- _The problem_
Restate the data below word for word, and let no image into your version.

- _Provided material_
Content starts

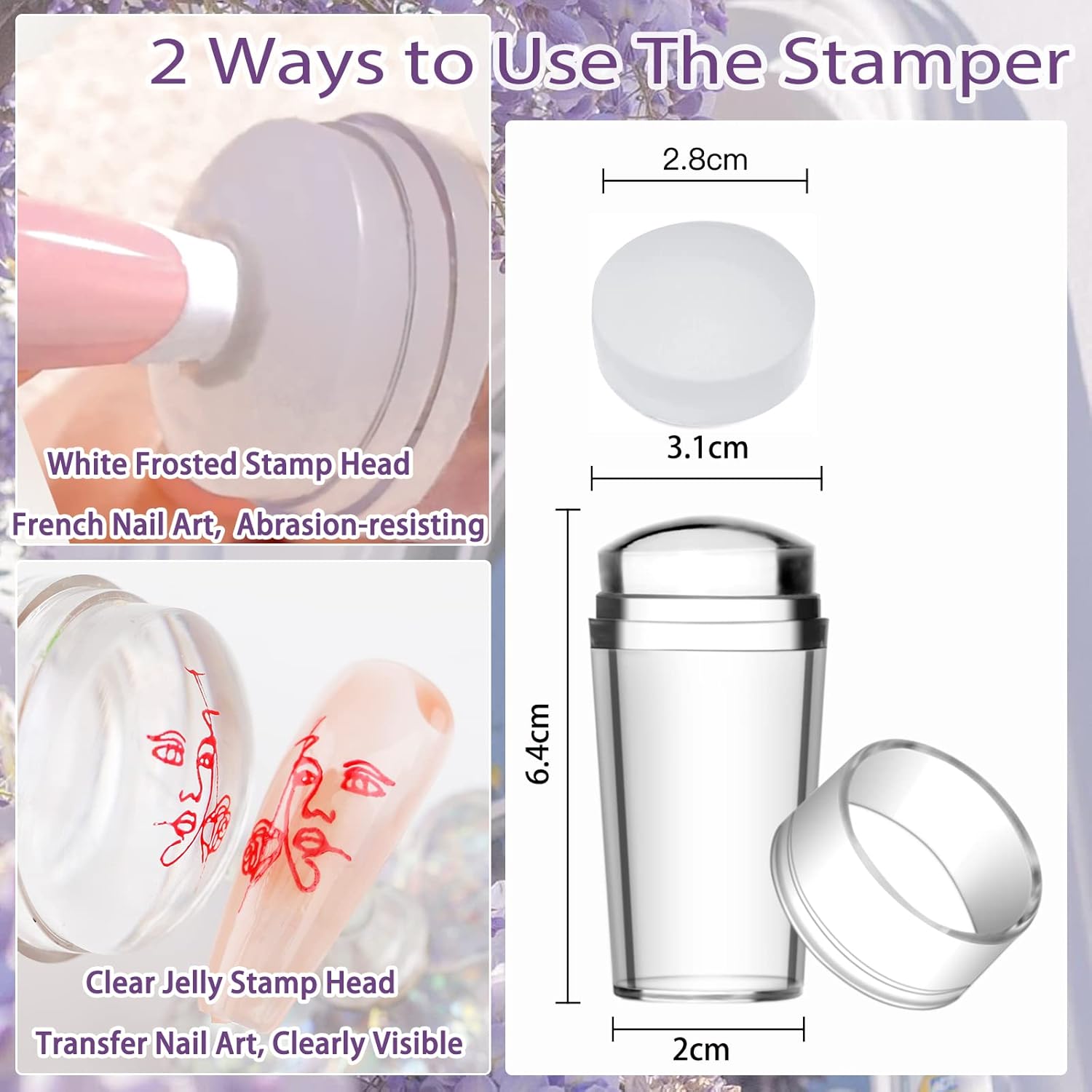 - 【Nail Art Stamper & Scraper】The silicone transparent nail stamper can help you choose the size and position of pattern clearly, and you can see the design and effect on your nail. The clear silicone stamper is flexible and molds smoothly to your nail shape for precise, effortless transfers. Contains 2 different stamp heads for both French Tip and transfer manicure.
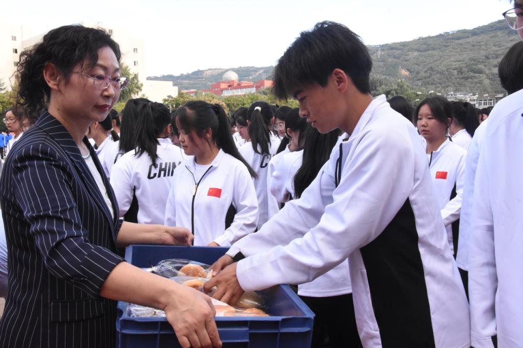 在慰问过程中,学院领导还向新生们送上了慰问品。
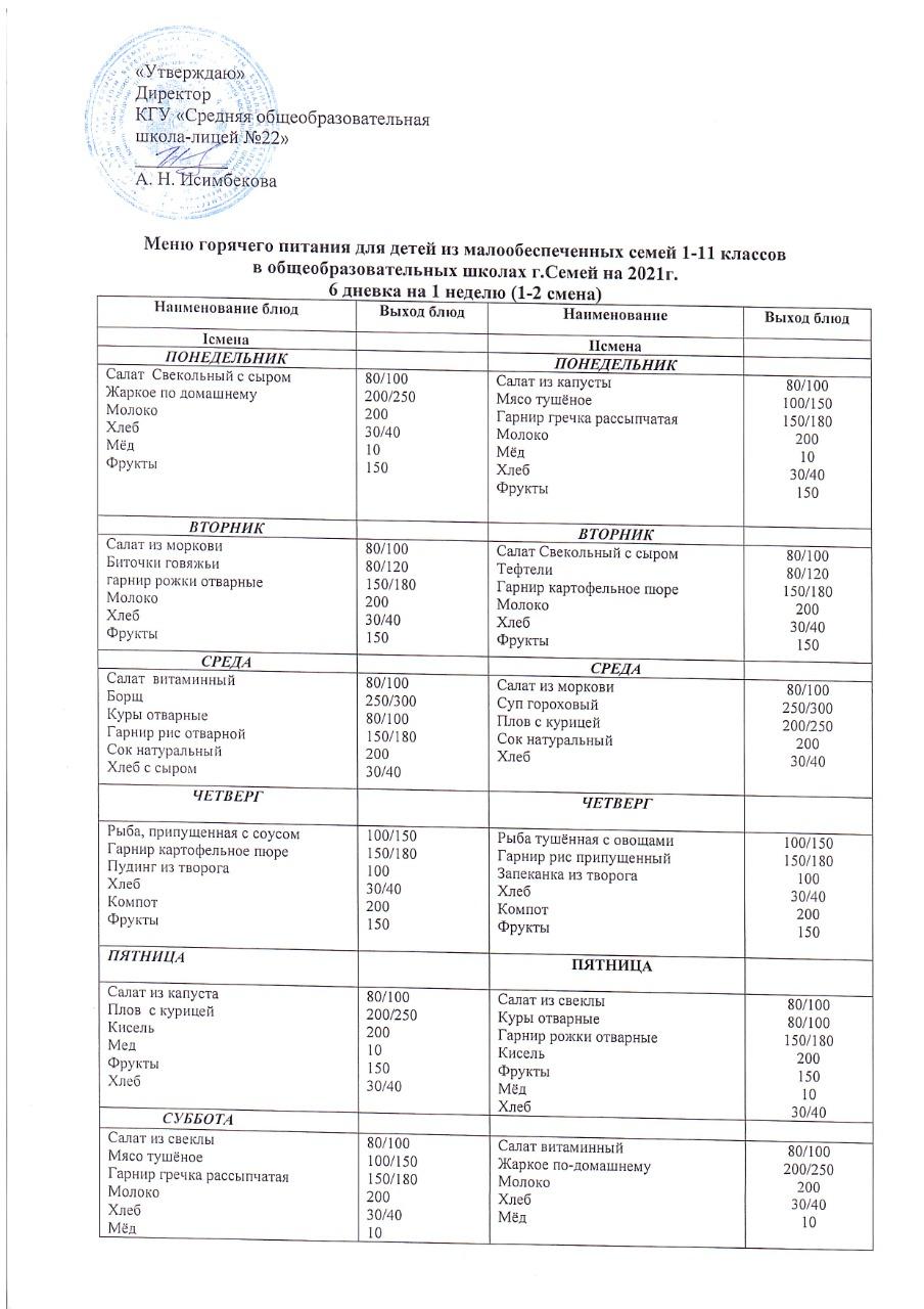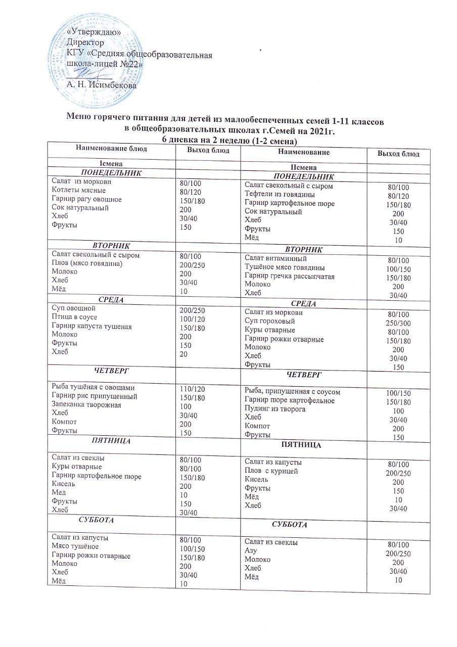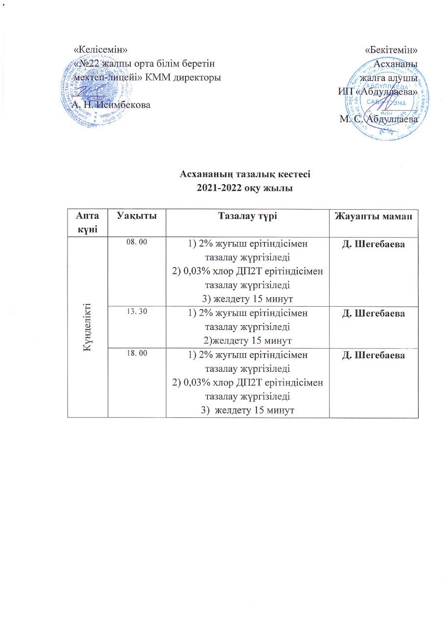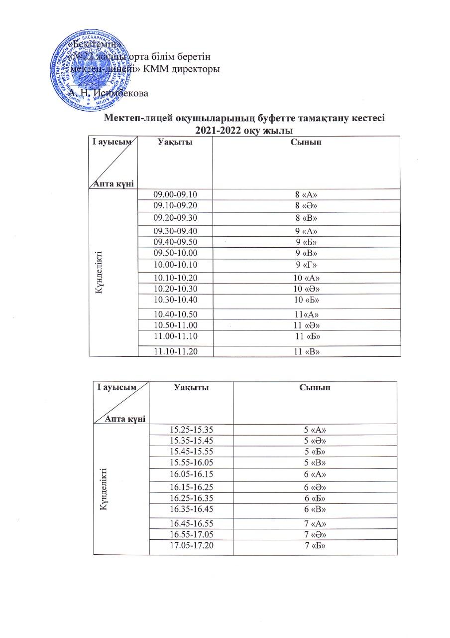 Мектеп-лицей оқушыларының асханада тамақтану кестесі » Средняя общеобразовательная школа № 22

Content ends

- _Problem solution_
 - 【Nail Art Stamper & Scraper】The silicone transparent nail stamper can help you choose the size and position of pattern clearly, and you can see the design and effect on your nail. The clear silicone stamper is flexible and molds smoothly to your nail shape for precise, effortless transfers. Contains 2 different stamp heads for both French Tip and transfer manicure.
 在慰问过程中,学院领导还向新生们送上了慰问品。
 Мектеп-лицей оқушыларының асханада тамақтану кестесі » Средняя общеобразовательная школа № 22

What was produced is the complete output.